### Goal of the exercise
Leave every picture out and give back the lines below from the first through the line that holds "Elégante, pierre noire", exactly as written.

### Given information
•••

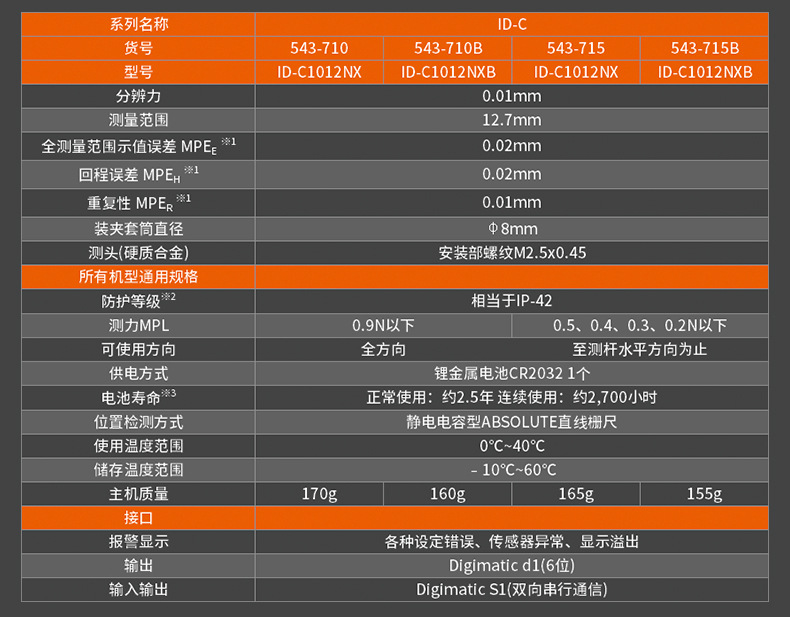 | 543-700/0-12.7mm/0.001mm/帶耳后蓋 | 0.003 | 59 | 0-12.7 | 0.001/0.0005/0.01切換 | 加購詢價 |
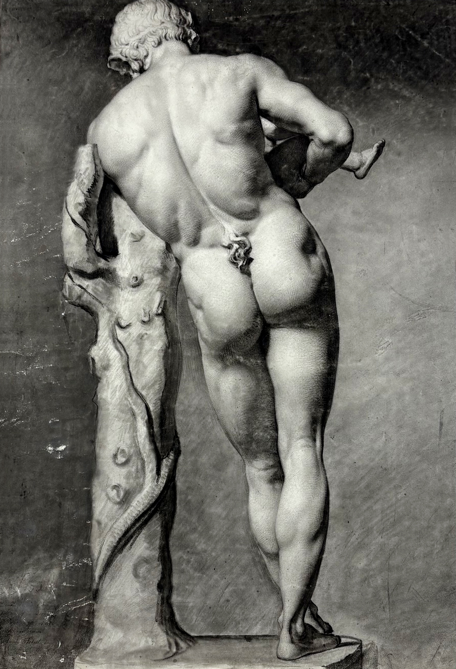 Elégante, pierre noire réhaussée à la craie, au verso étude d'at...
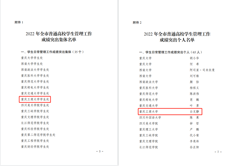 近日,重庆市教育委员会发布《关于2022年普通高校学生管理工作成绩突出集体和个人的通报》(渝教学函〔2023〕14号)和《关于2022年高校大学生征兵工作成绩突出集体和个人的通报》(渝教学函〔2023〕19号)。pp电子学生处获评“学生日常管理工作成绩突出集体”,白文静同志获评“学生日常管理工作成绩突出个人”;党委学工部(武装部)获评“大学生征兵工作成绩突出集体”,周良勇同志获评“大学生征兵工作成绩突出个人”。
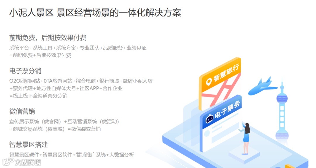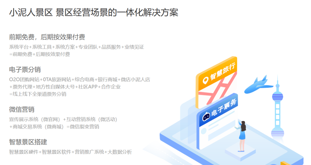 2)小泥人SaaS系统:小泥人系统提供了丰富的旅游SaaS解决方案,包括景区票务多业态SaaS系统、游乐园SaaS系统等。该系统能够一站式解决旅游企业的资源采购、产品分销等需求,帮助旅游企业实现信息化和智能化管理。

•••

### Result for this task
 | 543-700/0-12.7mm/0.001mm/帶耳后蓋 | 0.003 | 59 | 0-12.7 | 0.001/0.0005/0.01切換 | 加購詢價 |
 Elégante, pierre noire réhaussée à la craie, au verso étude d'at...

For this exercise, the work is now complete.